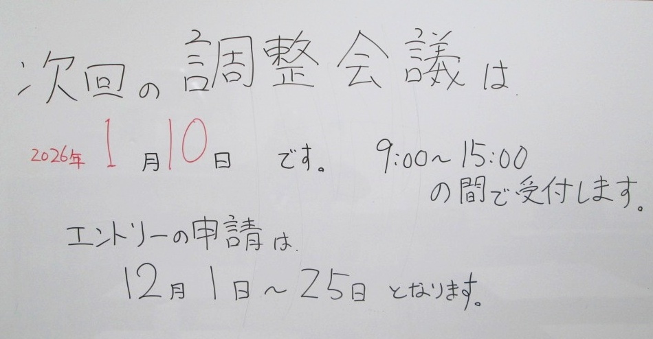 次回の調整会議は、2026年1月10日(土)に開催を予定しています。
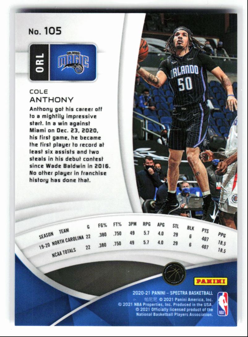 2020-21 Panini Spectra 2 Cole Anthony RC Orlando Magic
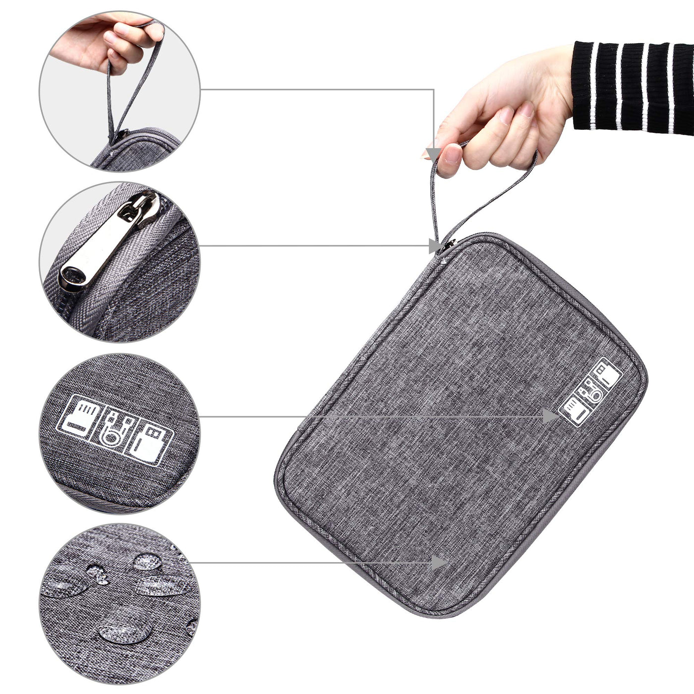 - [Well Organized & Protected] -- This versatile electronic organizer bag is specifically designed for digital accessories storage. It keeps everything well organized and tidy in no mess. Quickly find what you want without searching all over the place. Water-resistant cationic fabric surface prevents from water and ensures the safety of your cords, cables, etc. A great accessory organizer bag for travel,business trip ,work, school and daily use.
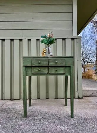 Darling old primitive cabinet. Painted in DIY Aviary green, heavily distressed and dark waxed. Flip top sides, fold back middle, twenty awesome small cubbies, 2 larger cubbies and 3 roomy drawerstop drawer looks like 2. Sewing, crafts, seeds, small glass jars full of treasures, hardware, knickknacks, nails, oddities, screws, jewelry, stickers, beads, bolts, makeup, what nots and random small items that need a place. Cute, clean, fun inside or on the front porch. $200 Normal wear with some modern updates to tighten it up. Left side flip top dips a little lower than the right. 509-868-9591 263/4 W x 181/2 D x 32 T Twenty cubbies shy of 3 x 3 x 41/4 T 2 cubbies 111/2 W x 3 D x 31/4 T Top drawer 101/2 W x 91/2 D 21/2 T Small drawers 7 W x 113/4 D x 21/2 T Venmo/Cash/Delivery is a possibility
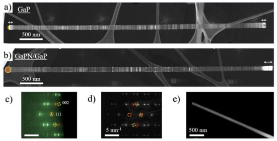 Comparison of high-angle annular dark-field imaging (HAADF) (Figure 3e) and DF-TEM images (Figure 3a,b) of the heterostructured GaPN/GaP and pure GaP NWs shows no evidence of any visible contrast, which can indicate the possible formation of a GaPN/GaP heterointerface. Comparing the reference sample with heterostructured GaPN/GaP NWs and GaP stems, no significant difference in the crystal structure and crystal perfection can be distinguished. Apparently, a small change in the GaPN lattice constant with small concentration of nitrogen (<1%) is insufficient for its detection by electron microdiffraction or EELS. This may indicate that the incorporation of a small amount of the nitrogen atoms into the GaP matrix has practically no effect on the crystal structure and perfection of the synthesized NWs. In addition, we were not able to detect any prominent signal from nitrogen species by both EELS and EDS techniques in STEM analysis.
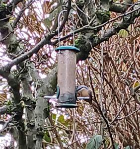 Whilst down, I was also under instruction to not let the garden birds go hungry! (this will also be pointed out to whoever buys the house) Mother had two bird feeders in a little tree postioned in sight of the kitchen window. The view takes away the drudgery of washing up, it can also slow the job right down as one stands enchanted by the birds. There’s house sparrows, tree sparrows, dunnocks, a robin, the occasional blackbird, blue tits, coal tits, great tits, a whole gang of goldfinches (six or seven always turn up together) and a pair of nuthatches. I was leaving all the evenings washing up to do in the mornings (okay, so I often do, but this time it really made sense!).
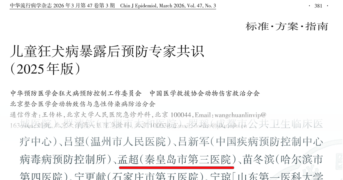 从临床救治到参编国家级共识,从单点服务到全域防控支撑,秦皇岛市第三医院以责任与专业践行医者使命。未来,医院将继续以《儿童狂犬病暴露后预防专家共识(2025版)》为指引,深化规范诊疗、强化应急保障、拓展科普覆盖,用更安全、更高效、更温暖的医疗服务,守护港城儿童健康与全市人民生命安全,书写公共卫生守护的新答卷。
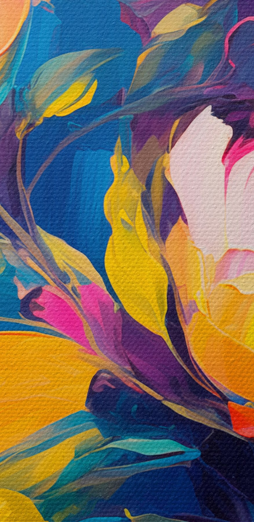 Brighten up any room with this gorgeous canvas print of flowers dancing against a deep blue backdrop. It’s like a bouquet that never wilts, bringing a splash of color and joy without the need for a watering can. Imagine glancing at it while sipping coffee on a lazy Sunday or gathering friends for a game night—the vibrant hues will spark conversations and lift spirits. Perfect for adding a pop of cheer to your living room or giving that awkward blank wall some personality. Just think of it as a daily reminder that beauty can be effortless and everywhere. Who wouldn’t want that?
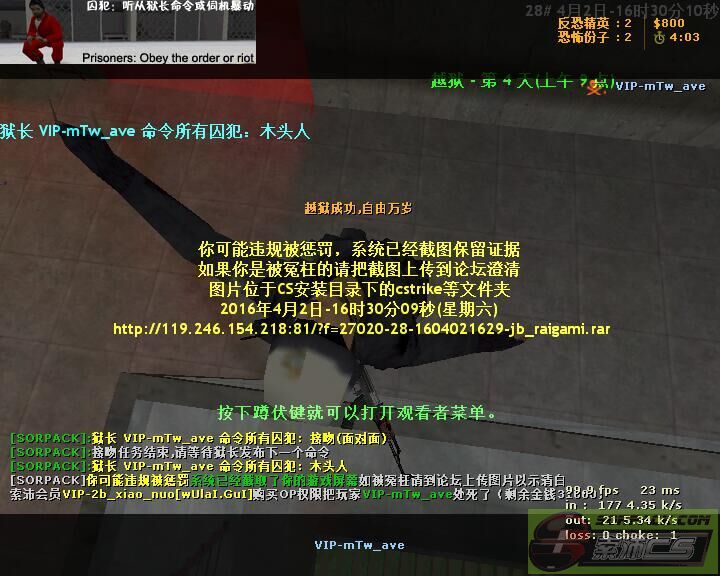 | 13 | 2016-04-02 16:30:00 | 【28越狱***服】会员VIP-2b_xiao_nuo[wUlaI.GuI]购买OP权限把玩家VIP-mTw_ave处死了[Demo] |
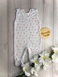 Mamatti PG15215 – półśpiochy niemowlęce białe w listki, z wysokim stanem
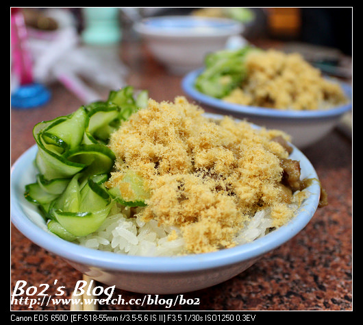 粒粒分明的米粒上淋了肉燥後,滿覆肉鬆跟小黃瓜,
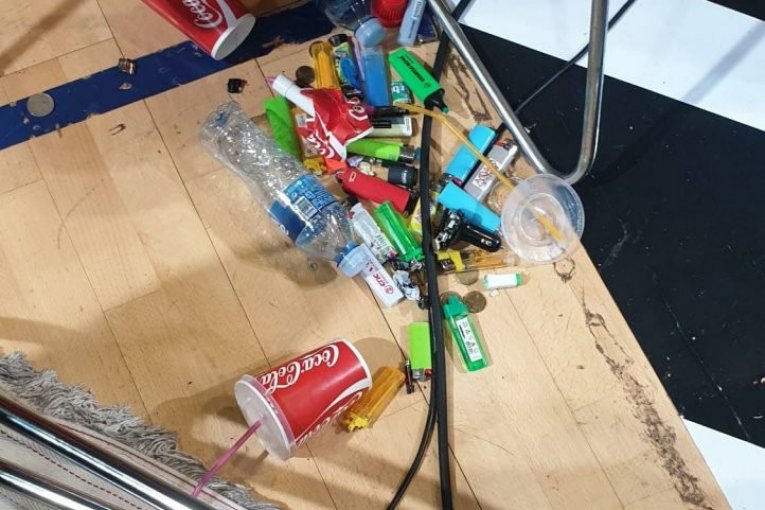 Ovoga puta nažalost ne. Stotine ubačenih upaljača, mobilni telefon koji je umalo pogodio trenera Dejana Radonjića, kese sa pljuvačkom kojima su gađani članovi delegacije KK Crvena zvezda tokom zamračenja hale (inače prenatrpane i preko kapaciteta u kojoj je parket postao klizalište), topovski udari, sramni transparenti reprezentativcu naše zemlje, desetine uvreda, brojna upozorenja, čaše sa pićima, lutke na naduvavanje, konačno i staklena flaša kojom je pogođen jedan od sudija ove utakmice…
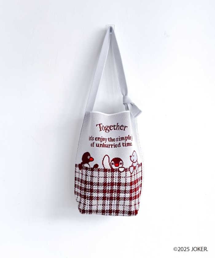 多色チェック柄から顔を出すピングーたちが印象的。マチ付きで大容量、ショルダーは長さ調整可能です。
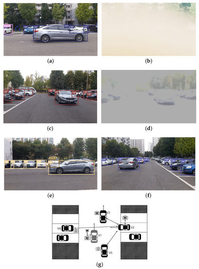 The video images captured at vehicles and detection results: (a) The original image at V2. (b) The blurred image at V2. (c) The original image at V3. (d) The blurred image at V4. (e) The front view of V4. (f) The front view of V5. (g) Top view illustration.
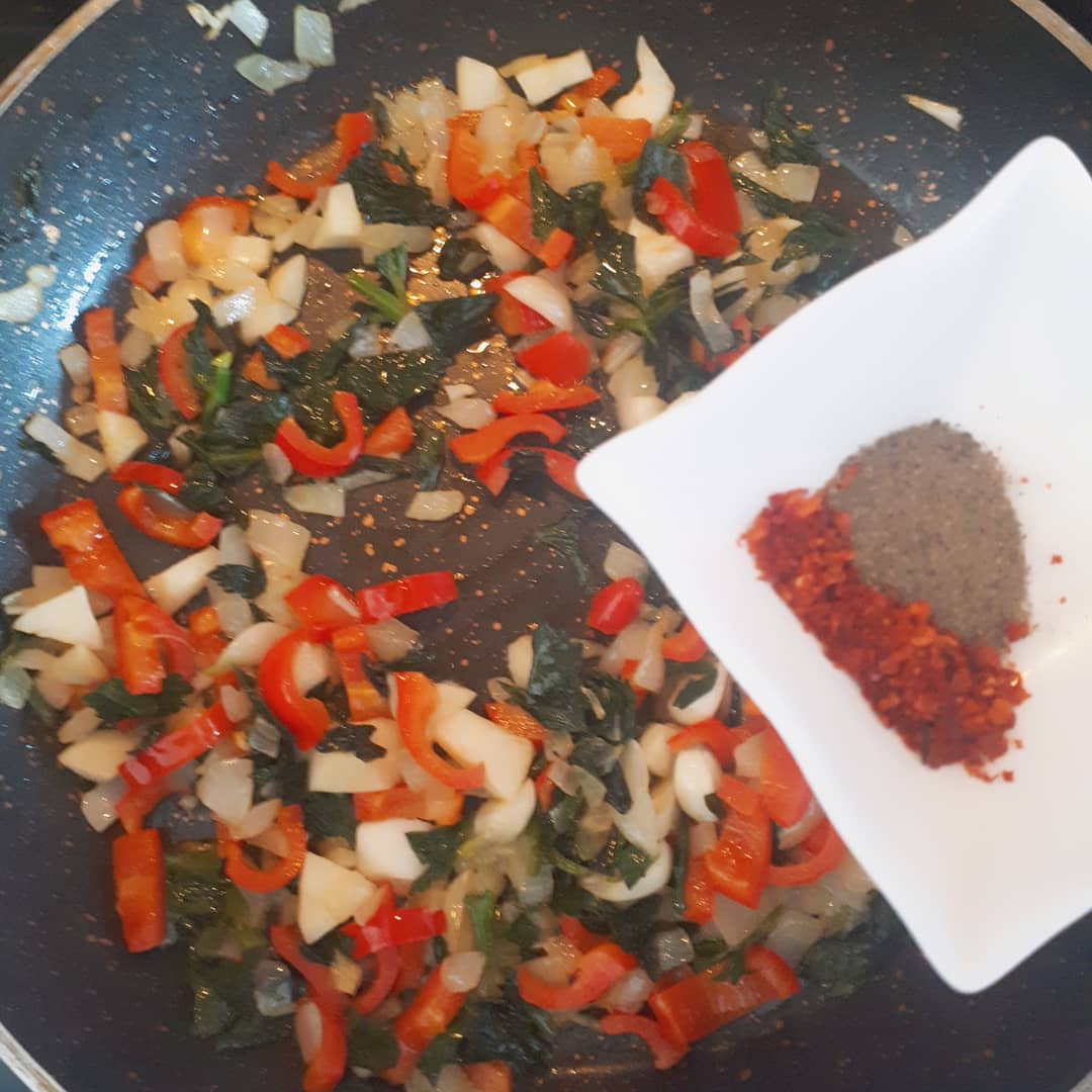 • Kavrulan sebzelere domates sosu, baharatlar eklenir ve karıştırılır.
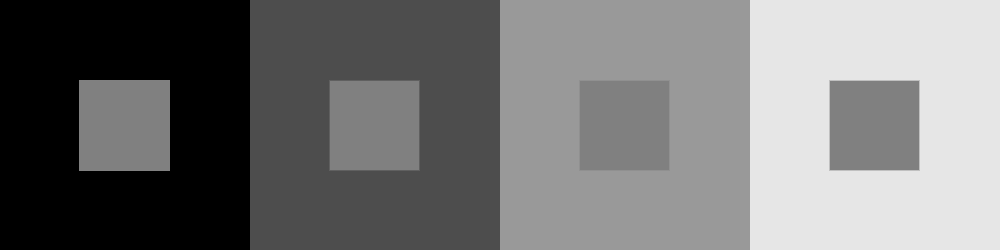 - brightness contrast: 일정한 색상의 영역은 주변의 강도에 따라 더 밝거나 어둡게 보이는 성질을 말합니다.

= PROBLEM DESCRIPTION =
Quote, exactly and only, the lines from the first line of the data above through the line containing "Darling old primitive". The pictures do not belong in it.

= RESPONSE TO THE EXERCISE =
 次回の調整会議は、2026年1月10日(土)に開催を予定しています。
 2020-21 Panini Spectra 2 Cole Anthony RC Orlando Magic
 - [Well Organized & Protected] -- This versatile electronic organizer bag is specifically designed for digital accessories storage. It keeps everything well organized and tidy in no mess. Quickly find what you want without searching all over the place. Water-resistant cationic fabric surface prevents from water and ensures the safety of your cords, cables, etc. A great accessory organizer bag for travel,business trip ,work, school and daily use.
 Darling old primitive cabinet. Painted in DIY Aviary green, heavily distressed and dark waxed. Flip top sides, fold back middle, twenty awesome small cubbies, 2 larger cubbies and 3 roomy drawerstop drawer looks like 2. Sewing, crafts, seeds, small glass jars full of treasures, hardware, knickknacks, nails, oddities, screws, jewelry, stickers, beads, bolts, makeup, what nots and random small items that need a place. Cute, clean, fun inside or on the front porch. $200 Normal wear with some modern updates to tighten it up. Left side flip top dips a little lower than the right. 509-868-9591 263/4 W x 181/2 D x 32 T Twenty cubbies shy of 3 x 3 x 41/4 T 2 cubbies 111/2 W x 3 D x 31/4 T Top drawer 101/2 W x 91/2 D 21/2 T Small drawers 7 W x 113/4 D x 21/2 T Venmo/Cash/Delivery is a possibility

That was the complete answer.